В гридницу князь, скинув алый плащ, почти вбежал с восьмигранной плёткой в руке и сразу, увидев в углу
Секиз-бей сдержанно поклонился Дмитрию, опуская подбородок на грудь. «Смотри-ка, — удивился снова Карахан, — при хане, появись он вдруг, всё, что ни стояло, бухнулось бы на колени. А этот лишь подбородок к груди прислонил. Чудеса!»
Мурза смерил взглядом князя с ног до головы: высокого роста, в плечах широк и крепок, телом слегка тяжеловат, борода и волосы чёрные, а глаза пронзительные, как стрелы...
— Мурза Карахан! — вдруг воскликнул Дмитрий. — Старый знакомый...

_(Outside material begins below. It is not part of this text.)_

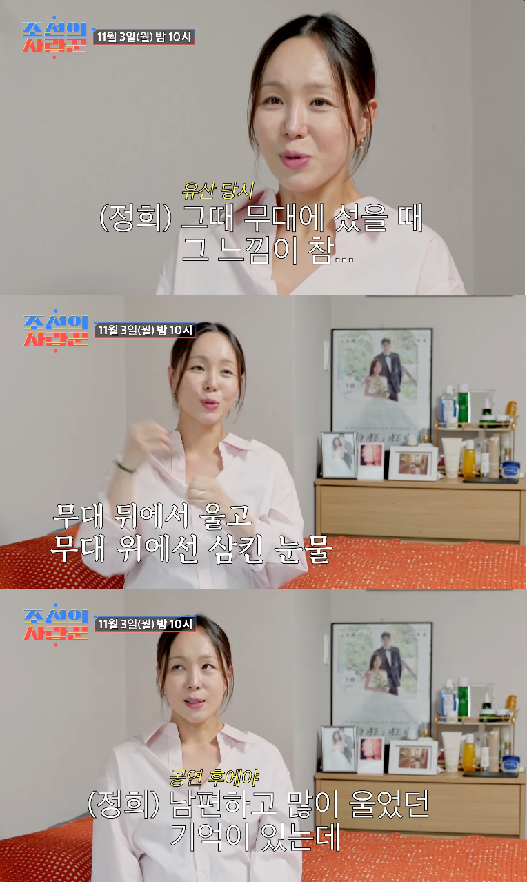 그는 “그런 순간들이 너무 힘들고, 중간중간 무대 뒤에서 울었다”고 회상하며, 당시 무대에서 느꼈던 복잡한 감정을 솔직하게 전했다. 이어 “공연 후에야 남편하고 많이 울었던 기억이 있다. 무대에 섰을 때, 그 느낌이 참...말을 못 하겠다”라며 감정이 북받쳐 한동안 말을 잇지 못했다.

Князь подошёл к монголу, крепко обхватил правой рукой его плечи, так что мурза почувствовал лопатками твёрдость мускулов, и подтолкнул, а вернее вытолкнул Карахана из угла на середину гридницы. Посмотрел на него вопросительно:
— Аль не узнаешь?.. Али память Вожа отшибла? — И захохотал, опершись на пиршественный стол. — Ушёл ты тогда, Карахан, не чаял, что встретимся... Думал, Мамай тебя порешил, а ты живой... Ну что ж, салам аллейкум. Да ты садись пока, а я насчёт баньки распоряжусь: мы с дороги, да и ты, чай, тоже, — улыбнулся, — а потом трапезничать будем. Эй, Михайло Андреевич, — обратился Дмитрий к Бренку, внешне похожему на князя, такого же роста и ширины в плечах, только волосами побелее, — скажи-ка, чтоб баню истопили, мы и Карахана с собой прихватим. Будешь мыться, мурза? Думаю, будешь... Это у вас в степи чернь воды не приемлет, а вы с Мамайкой, говорят мои послы, в бассейнах со своими рабынями вместе купаетесь...
— Черкиз, — Дмитрий строго посмотрел на Секиз-бея, — переведи ему, что я тут сказал. И спроси, не обижали ль, когда везли с засеки. Почему одёжа на нём разорвана?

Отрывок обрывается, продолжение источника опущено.